Refactoring tools fall on a spectrum. At one end is simple string replacement (`grep` and `sed`). At the other is parsing an abstract-syntax tree (AST) and directly manipulating it. Broadly, the tradeoffs are:



* String manipulation

  * Hard to write: Essentially need to hand-roll a parser using a regular expression.

  * Limited power: Find and replace.

  * Fast.



* AST manipulation

  * Hard to write: Requires extensive domain knowledge about language/parser.

  * Very powerful.

  * Slow: Parsing and traversing large codebases is expensive.

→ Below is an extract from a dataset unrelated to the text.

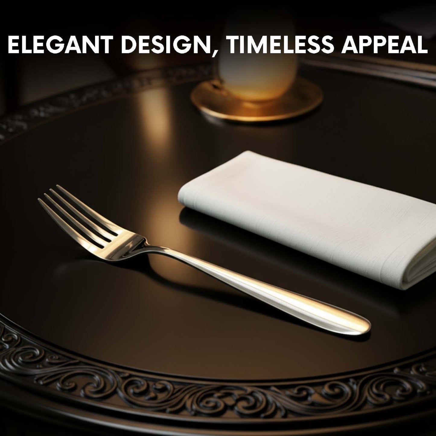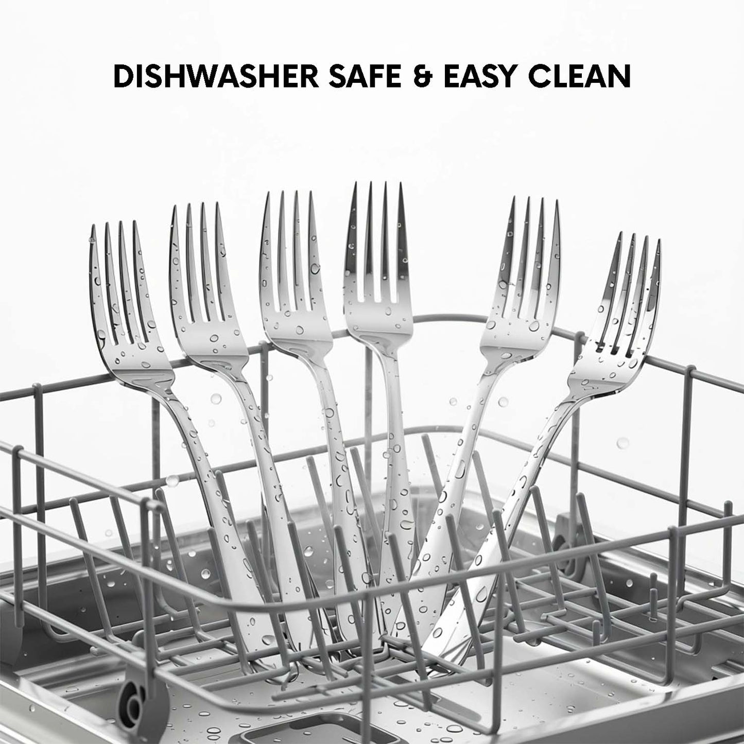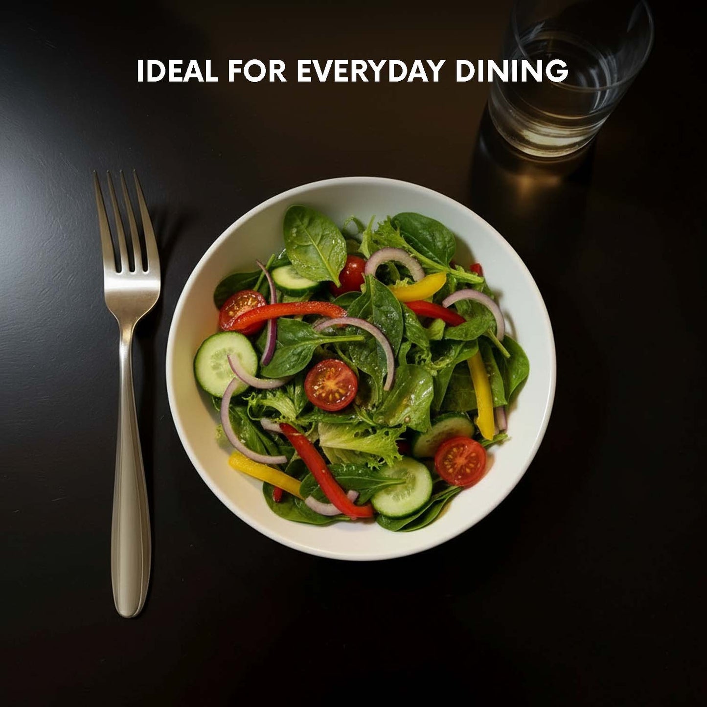 This 6-piece stainless steel dinner fork set combines durability, comfort, and elegance. With polished finishes, ergonomic handles, and a versatile four-tine design, these forks are rust-resistant, dishwasher safe, and perfect for everyday meals, family dinners, or formal occasions.

Retrie finds a middle ground:



* Easy to write: Equations are defined using syntax of target language.

* Powerful:

  * Equations are more powerful than regular expressions.

  * Rewrites can be scripted and enforce side-conditions (see below).

* Fast: Search space is narrowed using `grep` before parsing. Time is (morally) proportional to the number of matches, not the number of target files.



# Features



* Power

  * Can rewrite expressions, types, and patterns.

  * Matching is up to alpha-equivalence.

  * Rewrites are equational: a quantifier that appears twice in the left-hand side must match the same expression (up to alpha-equivalence).

  * Inserts imports. (As specified by the user, and automatically in some cases.)

  * Rewrites can be scripted and have side conditions.

  * Uses GHC's parser, so supports all of the *de facto* Haskell language.

* Correctness

  * Local scoping is respected. (Will not introduce shadowing/capture bugs.)

  * Impossible to match/rewrite an incomplete expression fragment.

  * Parentheses are automatically removed/inserted as needed.

* Whitespace

  * Whitespace is ignored when matching. No fiddling with `\s`.

  * Whitespace is preserved in resulting expression.

* Will not rewrite in comments. Existing comments are preserved.

* Respects git/hg ignore files.



See `retrie --help` for a complete list of options.



# Scripting and Side Conditions



Retrie can be used as a library to tackle more complex rewrites.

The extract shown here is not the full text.